Goal: Prove RN accepts divergent destinationId across consecutive POST /v2/secure-payments from the same buyer session, and that the multi-checkout cart UX creates two Payments landing on two different derived addresses.

Prerequisites:

  • Dev backend running ≥ 2.6.45 with DERIVED_DESTINATION_XPUB configured
  • Dev frontend running ≥ 2.6.44
  • Two seller accounts on dev.amn.gg with wallet addresses set
  • Buyer account with a Rabby/Metamask wallet holding ≥ 0.02 testnet BSC USDC

Steps:

  1. Create two template offers (one from each seller):

    • Seller A: https://dev.amn.gg/dashboard/shops/templates/new → fill title, price 0.01 USDC, publish
    • Seller B: same, price 0.01 USDC, publish
    • Capture both shareableLink values
  2. As buyer, add both to cart:

    • Visit Seller A's shareable link → Add to cart
    • Visit Seller B's shareable link → Add to cart
    • Go to /dashboard/shops/checkout/?step=2
    • Confirm cart shows 2 items from 2 different sellers
  3. Select crypto payment and proceed:

    • Choose "پرداخت با Request Network"
    • Click the multi-seller button (should show ۲ فروشنده)
    • Browser navigates to /checkout/request-network/multi?session=<id>
  4. Pay Seller A (first checkout page):

    • Connect wallet
    • Approve 0.01 USDC for RN proxy
    • Call transferFromWithReferenceAndFee
    • Wait for "پرداخت تأیید شد ✓"
    • Click "ادامه به پرداخت بعدی"
  5. Pay Seller B (second checkout page):

    • Approve 0.01 USDC (or reuse allowance if proxy unchanged)
    • Call transferFromWithReferenceAndFee
    • Wait for confirmation
    • Click "پایان"
  6. Capture evidence:

    • Derived addresses: Check GET /api/payment/derived-destinations?buyerId=<buyerId> — expect 2 rows with different address and derivationIndex
    • Tx hashes: Copy both approve and both pay tx hashes from the UI; verify on https://testnet.bscscan.com (or mainnet BscScan if dev uses mainnet)
    • Transfer events: On BscScan, verify both TransferWithReferenceAndFee events show different recipient addresses
    • Webhooks: Check backend logs for payment-update socket emissions or POST /api/payment/request-network/webhook handling for both payments
    • Payment records: Query Mongo for the two Payment docs — both should have status: 'completed' and different metadata.derivedDestination.address
    • PurchaseRequests: Verify convertTemplatesToRequests created 2 PurchaseRequest docs with status: 'payment'
  7. Document: Paste the full evidence block below under "Live multi-seller probe — execution record".

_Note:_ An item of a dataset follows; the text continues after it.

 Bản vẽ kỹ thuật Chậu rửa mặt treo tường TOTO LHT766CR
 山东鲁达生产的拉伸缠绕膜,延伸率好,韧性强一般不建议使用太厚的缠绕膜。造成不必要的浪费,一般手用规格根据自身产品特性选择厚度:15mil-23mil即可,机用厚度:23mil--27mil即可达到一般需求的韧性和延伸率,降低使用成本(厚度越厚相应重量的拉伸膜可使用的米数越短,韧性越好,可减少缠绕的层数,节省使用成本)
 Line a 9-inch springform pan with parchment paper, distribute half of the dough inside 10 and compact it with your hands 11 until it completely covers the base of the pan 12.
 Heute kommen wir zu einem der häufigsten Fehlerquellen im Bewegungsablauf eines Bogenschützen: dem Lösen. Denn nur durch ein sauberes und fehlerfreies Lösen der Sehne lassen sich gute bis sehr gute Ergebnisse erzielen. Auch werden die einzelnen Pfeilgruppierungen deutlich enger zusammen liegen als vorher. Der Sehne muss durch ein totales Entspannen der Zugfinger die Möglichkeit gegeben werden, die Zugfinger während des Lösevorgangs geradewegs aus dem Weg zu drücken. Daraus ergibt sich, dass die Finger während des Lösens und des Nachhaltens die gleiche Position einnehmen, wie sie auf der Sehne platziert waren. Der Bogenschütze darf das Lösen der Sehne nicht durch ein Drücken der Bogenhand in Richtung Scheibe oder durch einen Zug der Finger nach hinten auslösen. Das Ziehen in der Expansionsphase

Live multi-seller probe — execution record

To be filled after manual execution of the protocol above.

Field Value
Date
Buyer ID
Seller A ID / Offer
Seller B ID / Offer
Derived address A
Derived address B
Approve tx A
Pay tx A
Approve tx B
Pay tx B
Payment ID A
Payment ID B
PurchaseRequest ID A
PurchaseRequest ID B
RN webhook fired for both?
Both Payments completed?
Escrow funded for both?

Remaining in task #7:

  • Item C: execute the live probe protocol above and fill the execution record table.
  • After C passes: flip PRD §1 acceptance criteria #1 and #2 from and mark Task #7 done in Taskmaster.